The real challenge is not technology
Most people assume the main problem in distributed teams is technical: which tools to use, how to handle deployments, how to structure the codebase. In reality, the hardest problem is human: how to make everyone feel part of the same team when you don’t share the same office — and sometimes not even the same language.
In our case we work in Italian and Albanian, with English as the system language for documentation and commit messages.
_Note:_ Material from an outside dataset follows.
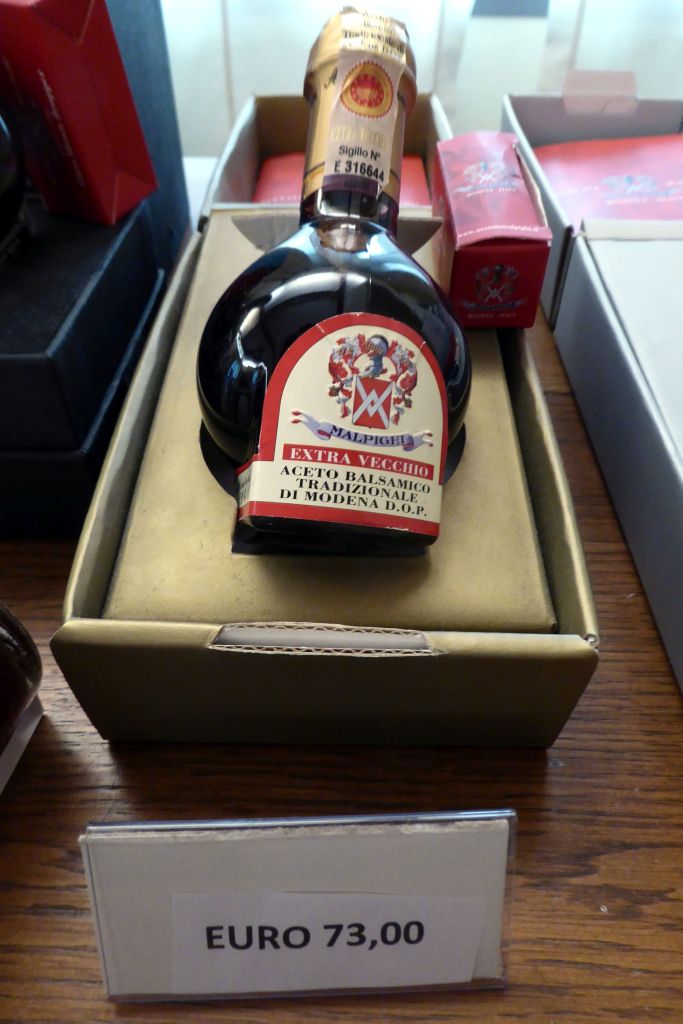 The color of the bottle cap distinguishes the age. A 25-year-old balsamic vinegar gets a gold-colored cap. Malpighi’s most-aged balsamic was on sale in their shop for Euro 450—more than $450!

This choice demands constant attention: nuance is lost in translation, and a hastily written message can be read in a completely different way by someone who doesn’t share your cultural context.
Rituals that work
A few things we’ve learned to do consistently:
Synchronous stand-ups with a rotating facilitator. Each team member runs the meeting in turn. This creates shared ownership and forces everyone to understand the state of the work — not just their own slice of it.
Written documentation as a first-class citizen. Any technical or process decision that warrants more than ten minutes of conversation becomes a document. Not for bureaucracy’s sake, but because written text is the common medium for everyone, regardless of where they are.
Regular retrospectives with explicit space for critical feedback. Creating a safe environment for saying “this isn’t working” is harder in a distributed team, where power dynamics can be less visible. It takes deliberate effort.
What I’ve learned as a tech lead
The most counterintuitive thing I’ve learned: clarity matters more than speed. When you’re co-located, you can fix a misunderstanding in thirty seconds. Remotely, an unresolved ambiguity can compound for days before someone surfaces it.
Writing more carefully, giving explicit context, confirming understanding — these are not time sinks. They are the real work of a tech lead in a distributed team.